展開が予測できないストーリー構成、魅力的なキャラクターたち、描写の細かさから瞬く間に反響を呼び、コミックスの累計発行部数は4000万部を突破。2020年10月2日に放送開始した『ハイキュー!! TO THE TOP』はテレビアニメ第4期第2クールにあたる。
バレーボール日本代表の柳田将洋選手もまた『ハイキュー!!』に魅了された読者の一人。インタビュー後編では、実際に『ハイキュー!!』で繰り広げられたキャラクターたちの技にもフォーカス。プロ選手の視点から改めて『ハイキュー!!』の奥深さを知ることができた。

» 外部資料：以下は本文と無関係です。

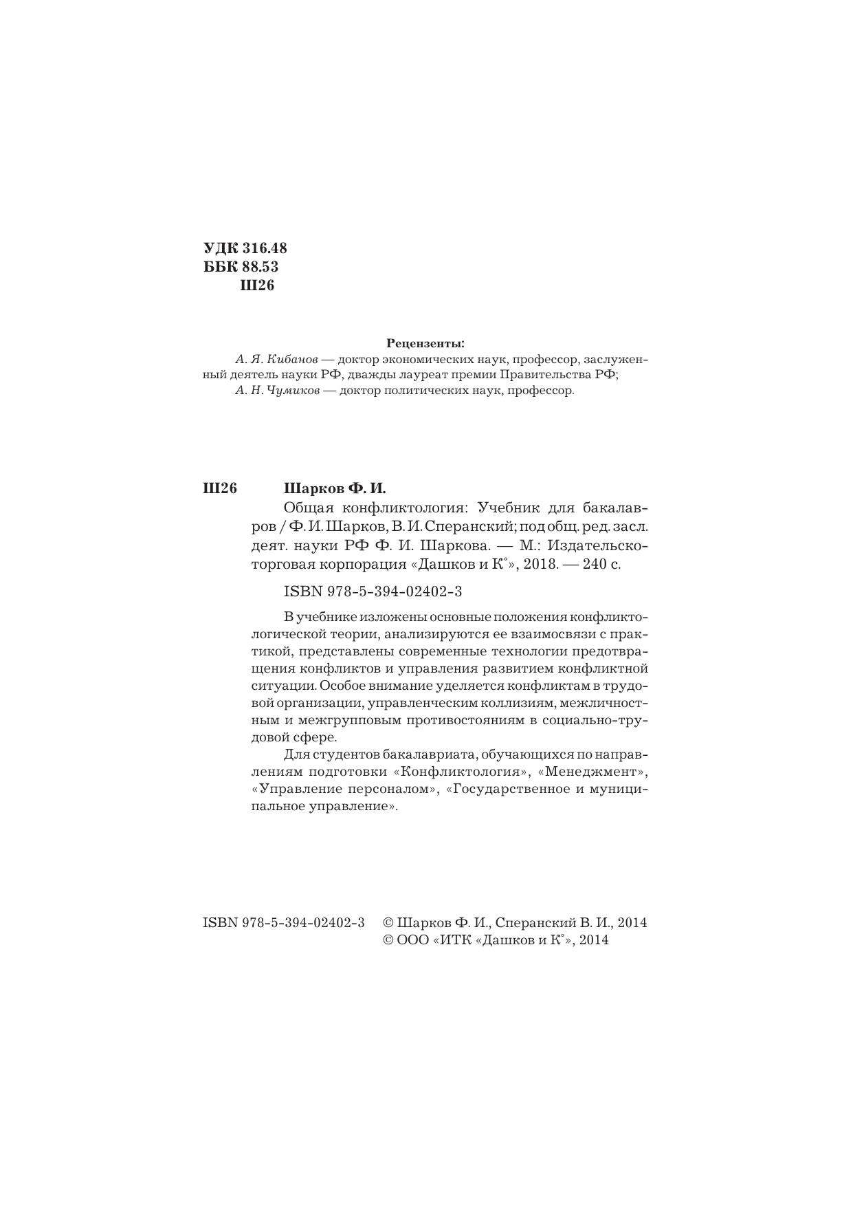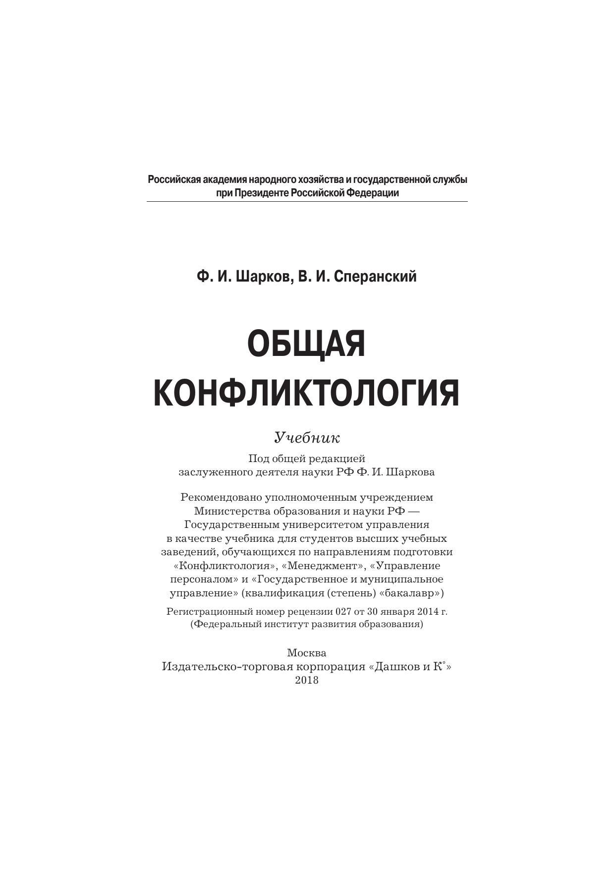 В учебнике изложены основные положения конфликтологической теории, анализируются ее взаимосвязи с практикой, представлены современные технологии предотвращения конфликтов и управления развитием конфликтной ситуации. Особое внимание уделяется конфликтам в трудовой организации, управленческим коллизиям, межличностным и межгрупповым противостояниям в социально-трудовой сфере. Для студентов бакалавриата, обучающихся по направлениям подготовки «Конфликтология», «Менеджмент», «Управление персоналом», «Государственное и муниципальное управление».

―― 柳田選手は『ハイキュー!!』の中でどのキャラクターが好きですか?
柳田:すごいたくさんいますよ(笑)。物語の終盤までいるキャラクターはほとんど好きですね。主人公の日向翔陽と影山飛雄はもちろんですが、木兎光太郎(梟谷学園高校)や星海光来(鴎台高校)、佐久早聖臣(井闥山学院)も好きです。
―― アニメでは、これから描かれることが多そうな選手たちですね。ちなみにアニメ『ハイキュー!!』はいかがでしたか?
柳田:アニメも動きがかなりリアルでした。バレーボールのアニメ化って「もしかしたら難しいのかな?」と思っていたのですが、レシーブの形やボールの動きもリアルでしたし、その動きをしながら声優さんのセリフもしっかり入ってくるので、すごくハマりやすかったです。
―― CM前のアイキャッチで、サーブを打っているところのボールの動きや回転があるのも、すごくリアルですよね。
柳田:はい。アニメでも、ボールの見え方をちゃんと研究しているんだろうなと思いました。
【映像】日向&影山の“変人速攻”を見る アニメ『ハイキュー!!』動画一覧
■影山のトスは実際に可能? 烏野高校のようなテンポは「とても大切」
―― 実際にプロのバレーボール選手に聞いてみたかったのですが、影山のトスは実際に可能なのでしょうか?
柳田:かなり難しいとは思います。相当センスが良くて、空間を把握する力がないと難しいです。自分がコートの中のどこにいて、誰がどこに飛んでいるのかというのがはっきり分からないと、あのくらい自信のあるセット(トスアップ)はできないと思うし、目をつぶってやるのは本当に無理だと思います(笑)。
あれにはビックリしましたし、描写を見たときに、そういう“できない技”を繰り出す方向に物語が行くのかなとちょっと思ったんです。でも、ちゃんとリアルに寄って、日向が成長して、影山のセットに合っていく選手に成長していったので、そこもすごく良かったです。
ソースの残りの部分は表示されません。